Ingest (Collection & Digestion)

Phase 1 — Analysis

## Key Entities
Identified entities

## Key Concepts
Identified core concepts

## Main Arguments & Findings
Key arguments and findings

## Connections to Existing Wiki
Relations to existing wiki pages

## Contradictions & Tensions
Conflicts with existing knowledge

## Coverage Gaps
What was mentioned but not covered deeply?
What related topics are missing?

## Recommendations
New/update which pages

Phase 2 — Generation

  1. Create/update target pages (with urls in sources)
  2. Sync related + back-link (bidirectional link enforcement)
  3. Verify pages meet quality thresholds
  4. Update index.md
  5. Append to log.md

Output format — always write exactly this structure, no deviations:

## Ingest Plan

### Pages to create/update
| Action | File | Summary |
|---------|------|---------|
| CREATE | wiki/concepts/page-slug.md | 1-line description |
| UPDATE | wiki/entities/backlink-target.md | add related: page-slug |

### Back-link sync
- [[A]] → add B to related → check B has A, add if missing

### index.md update
- Add: `- [[page-slug]] — 1-line description (concept/entity)`

### log.md entry
- `[YYYY-MM-DD] Ingest: N pages, sources: bookmarks_xxx.md`

Phase 2 execution: follow the plan exactly.
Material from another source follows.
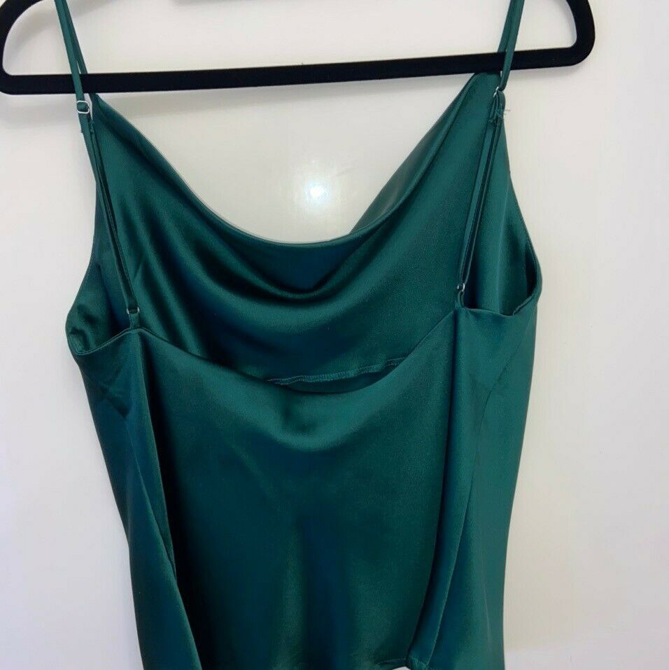 Silk Satin cowl neck green cami top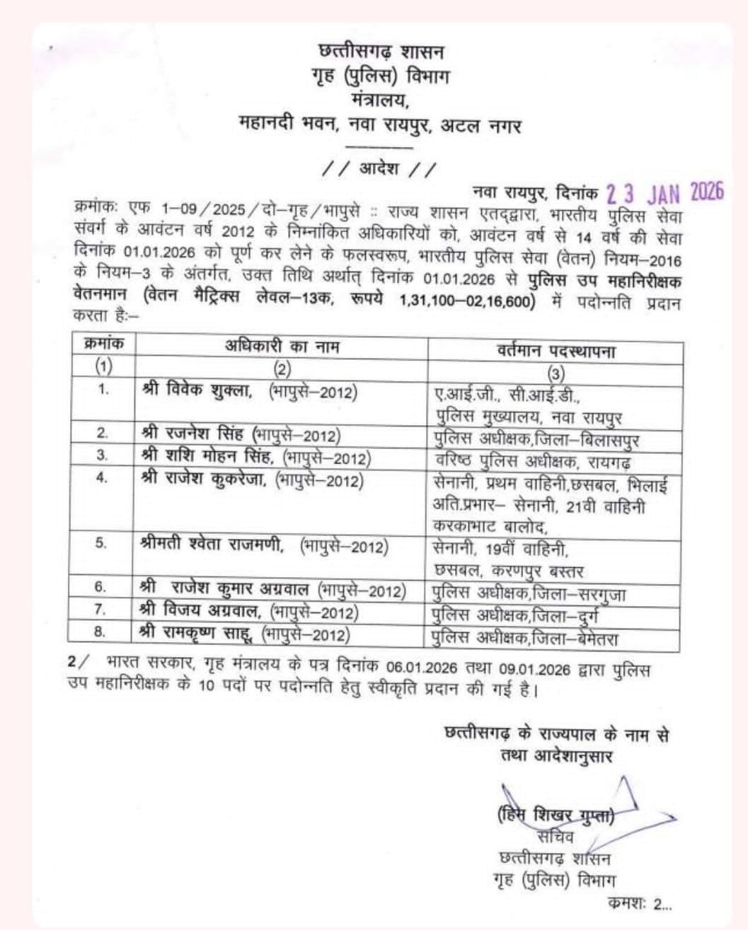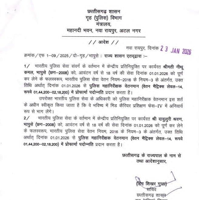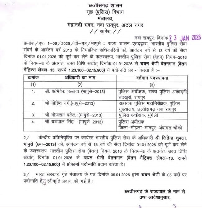 सीजी न्यूज ऑनलाइन, 23 जनवरी। भारतीय पुलिस सेवा के दर्जन भर अफसर प्रमोट हुए हैं। इस कड़ी में डा आनंद छाबड़ा एडीजी, प्रशांत अग्रवाल व मिलना कुर्रे आईजी बने हैं।

Write files using the templates in Page Templates section.


Query

Always follow this priority when answering:

  1. Read index.md → find candidate pages by tag/topic match
  2. Read candidate pages → extract claims + sources.urls
  3. web_fetch top sources → verify critical claims (flag ⚠️ if can't reach)
  4. Synthesize → answer with confidence annotation (✅/⚠️/❌)
  5. Cite sources → always include the specific URL that confirmed each claim

When wiki has no relevant page: fall back to web_search, then optionally ingest the result to wiki.


Relink (Automatic Relationship Discovery)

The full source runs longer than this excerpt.